Largest Number
Problem link: https://leetcode.com/problems/largest-number/
Problem Statement
Given a list of non-negative integers nums, arrange them such that they form the largest number and return it as a string.
Since the result may be very large, you need to return a string instead of an integer.
Input
An array of non-negative integers nums.
Output
A string representing the largest possible number.
Example
Input: nums = [3,30,34,5,9] Output: "9534330"
Explanation
When comparing 3 and 30:
- 3 + 30 = "330"
- 30 + 3 = "303" Since 330 > 303, 3 comes before 30.
Brute Force
Intuition
Generate all possible permutations of the numbers, concatenate them into strings, and find the maximum one.
Approach
- Use recursion to find all permutations of the array.
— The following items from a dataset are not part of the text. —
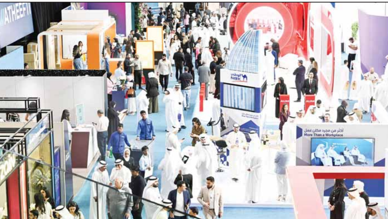
People visit the 'Watheefi' career fair in Hawalli Governorate, Kuwait. The Watheefi career fair launched on Thursday with the participation of more than 80 entities from the public and private sectors. The job fair aims to provide job opportunities and provides a direct communication opportunity for Kuwaiti youth and job seekers.
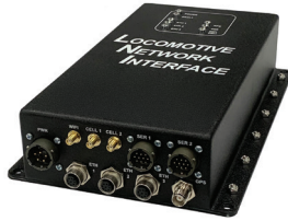
Locomotive Network Interface (LNI)
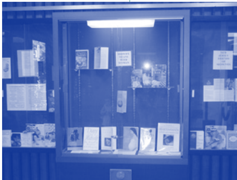
One example of the library display case set up by Karen Wallace.

Citizens for Midwifery Copyright October 2003
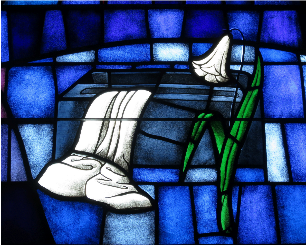
The Empty Tomb Stained glass, Saint James the Greater Catholic Church, Concord, NC
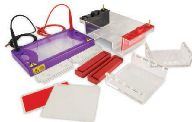
MSMidi complete system
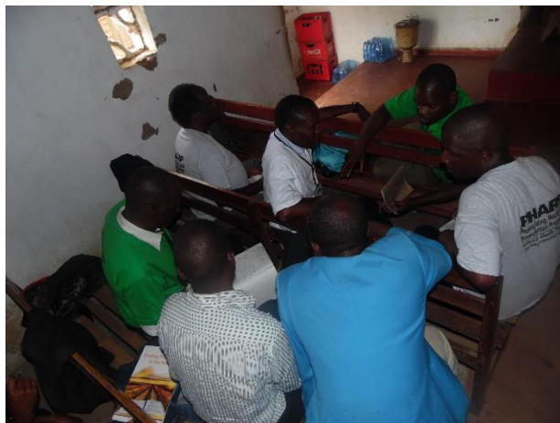
Participants in different group discussions

One of the pastors shared how he got to know the book 'Finding your place in the world' through his fellow pastor who attended discipleship training in May 2018. When I first got to read my friend's book, the first chapter I landed on was on Reconcile. I quickly read the introduction and I realized that in our church there is a big problem. He realized that the church was not doing enough to reconcile sinners to Christ. The church was more focused on growing numbers as this translates to more giving, but the leadership was not intentional of disciple making that helps believers to grow deep into the word of God. 'Today I am more than challenged. If my bishop is not keen on discipling the idle youths because they are seen as trouble makers, then me who has learnt and equipped with material, I will be deliberate to reach out to the idle youths I pass by in the market and the bus stop as I go home from church.
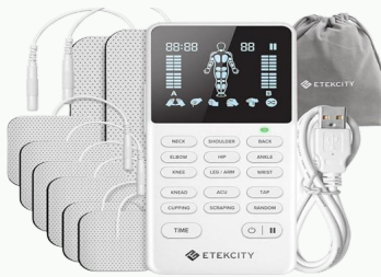
Deluxe Dual Channel TENS
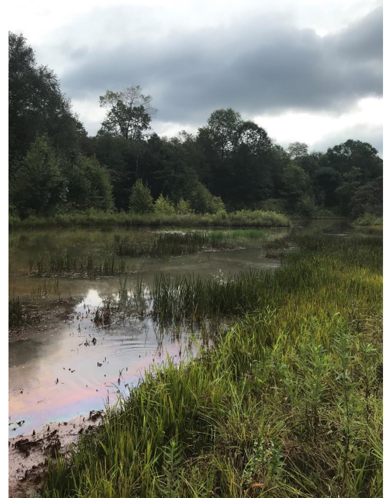
Richards Passive Treatment System – Blacklick Creek Watershed
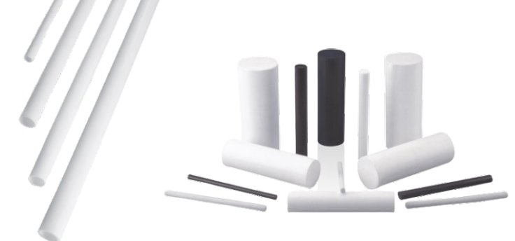
PTFE Extruded Tube
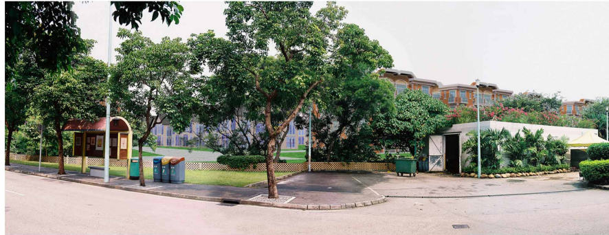
View from Palm Springs Boulevard at Day 1 without Mitigation
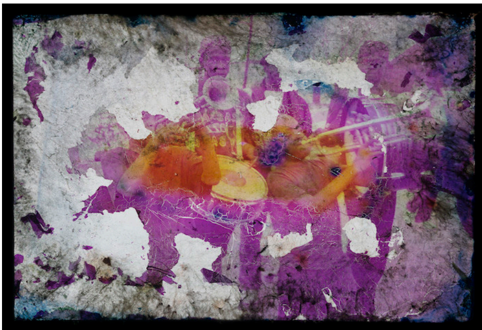
Skin and Bone , 1996/c.2018 Printed color transparency rescued from flood waters 34" x 44"
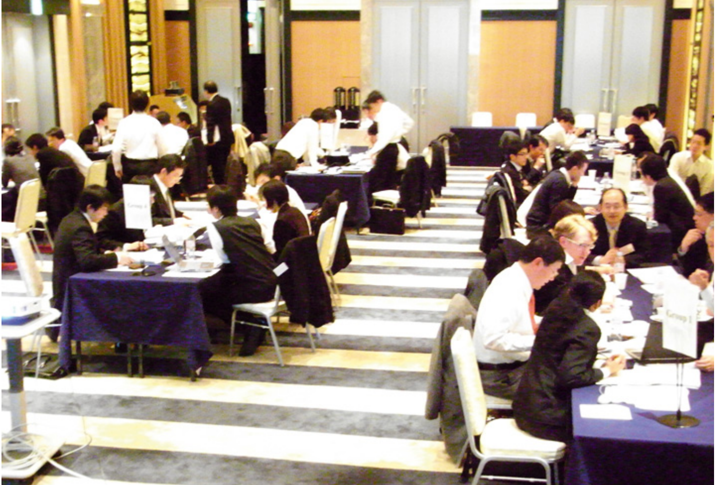
Students taking part in the case study

The last such joint seminar, but seminars will continue under SAAJ

- For each permutation, join the numbers into a single string.
- Compare all resulting strings and keep track of the largest.
Dry Run
nums = [10, 2] Perms: [10,2] -> "102", [2,10] -> "210" Max: "210"
Code (Java)
Complexity Analysis
There are N! permutations for an array of size N.
Optimal Solution
Intuition
Instead of checking all permutations, we define a custom comparison rule between any two numbers A and B: compare (A + B) with (B + A). If (B + A) is greater, then B should come before A. This rule is transitive, allowing us to use standard sorting algorithms.
Approach
- Convert all integers in the array to strings.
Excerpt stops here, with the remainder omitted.